Komar memang suka bikin ulah. Di sekolah, juga di pondok. Ia seneng banget bersembunyi di loteng kamar, menghindari gebukan sajadah Keamanan pesantren untuk membangunkan tidur santri yang molor. Masuk sekolah sering terlambat, suka berkelahi, dan biasa mbolos pelajaran dengan nongkrong di warung Mak Tarwiyah bersama Jaim, Rosi, dan Purwo. Sampai-sampai, ia dan tiga sahabatnya itu menjadi contoh anak-anak bermasalah di sekolah.

Tak heran jika Pak Rahmat, sang kepala sekolah, berhasil dibuat marah dan naik pitam oleh Komar. Apalagi, Pak Rahmat tahu kalau Komar yang urakan itu sudah berani mengenalkan cinta pada puterinya, Siti.

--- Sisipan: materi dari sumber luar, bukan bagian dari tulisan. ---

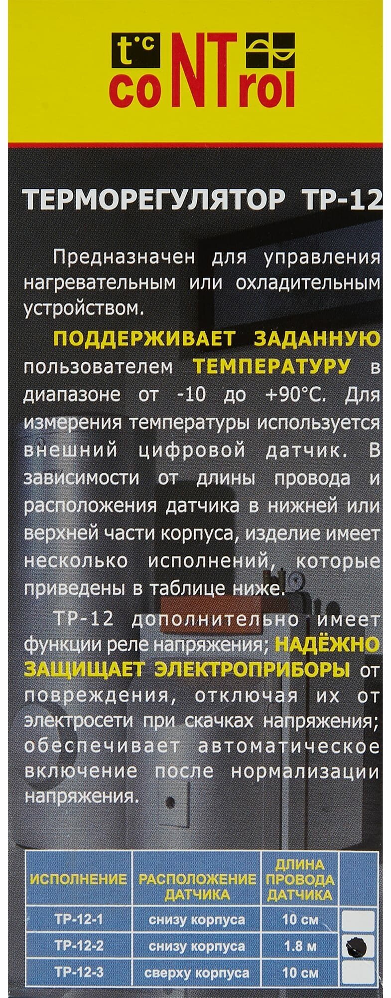 Type of control: electronic, maximum load: 3600 W, minimum temperature: -10 °C, maximum temperature: 90 °C, air temperature control, underfloor heating sensor: not used, communication type: wired
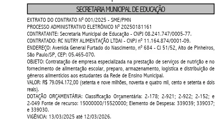 O contrato tem vigência até 12 de março de 2026. De acordo com a SME, a empresa é “especializada na prestação de serviços nutricionais e no fornecimento de alimentação escolar, preparo, armazenamento, logística e distribuição de gêneros alimentícios aos estudantes da Rede de Ensino Municipal”.
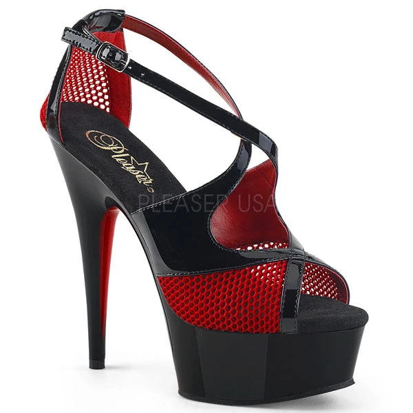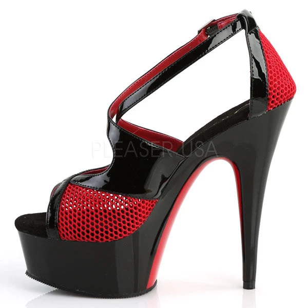 High heel platform sandals with black patent and red fishnet upper, and black with red contrast platform heel. The Delight-652 heels have criss-cross styled straps, with a 6″ spiked stiletto heel.
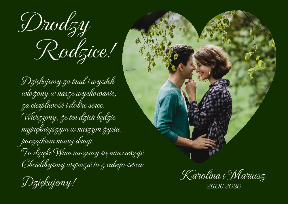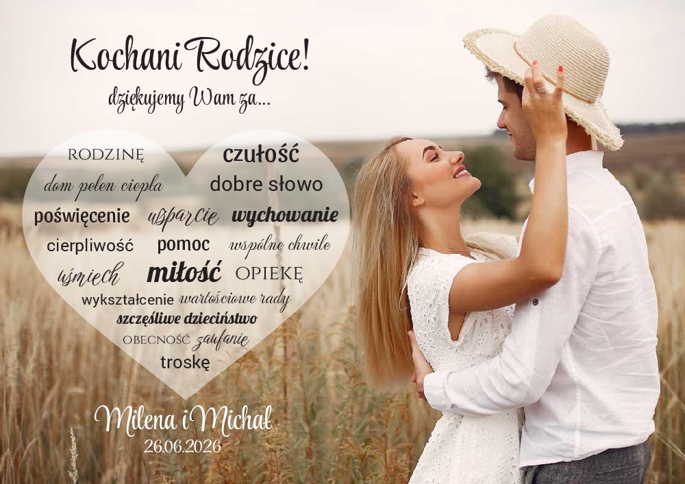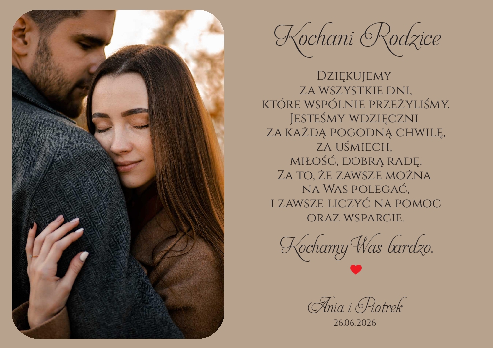 Podziękowania dla Rodziców ze zdjęciem - ramka złota A3

Perang antara Komar dan Pak Rahmat pun dimulai. Komar yang keras, jelas-jelas tidak bisa menerima sikap Bapak Kepala Sekolah yang kolot dan pemarah itu. Apalagi, Pak Rahmat memang tak kenal sama sekali dengan yang namanya cinta. Jangankan mencintai anak muridnya, bersikap penuh cinta pada keluarganya saja dia gagap.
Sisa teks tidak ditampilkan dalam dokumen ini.